Arizona Diamondbacks
- Broadcaster

Teams
- As Broadcaster New York Mets (2006); Arizona Diamondbacks (2012–present);

= Steve Berthiaume =

American television sportscaster

Steve Berthiaume (/bɜrθˈjuːm/) is an American television sportscaster who serves as the play-by-play broadcast announcer for the Arizona Diamondbacks and is a former anchor on ESPN and a former sportscaster for SportsNet New York (SNY).

==Broadcasting career==
===Early career===
A graduate of Emerson College, Berthiaume's broadcasting career began at various stations in the southern United States, including WVIR-TV in Charlottesville, Virginia; WIS-TV in Columbia, South Carolina; WJAR-TV in Providence, Rhode Island; and WEAR-TV in Pensacola, Florida. Berthiaume was hired from Pensacola by WTIC-TV in Hartford, Connecticut, in 1993; station management dismissed him in January 1996 due to what Berthiaume described as a disagreement over presentation styles. He then went on to the short-lived CNN/SI cable channel when it launched in December 1996 and to ESPN in 1999, starting at ESPNEWS and later anchoring for SportsCenter.

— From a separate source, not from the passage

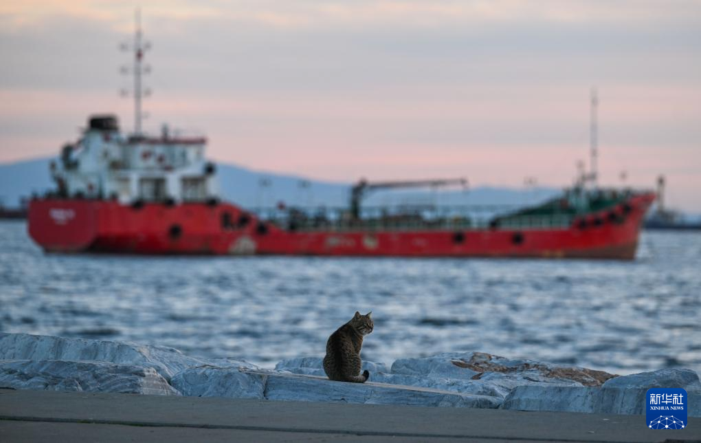 11月25日,一只猫在土耳其伊斯坦布尔马尔马拉海岸边休憩,不远处的海面上停泊着一艘船。

In 2006, Berthiaume left ESPN to become chief sportscaster at SNY, a new regional sports network started by the New York Mets; however, in late January 2007, SNY let Berthiaume out of his contract to rejoin ESPN on March 28, 2007, in order to work closer to his wife. He also served as a host of Baseball Tonight.

In 2012, Berthiaume was hired by MLB's Arizona Diamondbacks to serve as a play-by-play broadcaster for Fox Sports Arizona beginning in the 2013 season, replacing Daron Sutton, whom the team had suspended. Berthiaume's previous play-by-play experience comes from ESPN, where he had called several professional games as well as the College World Series.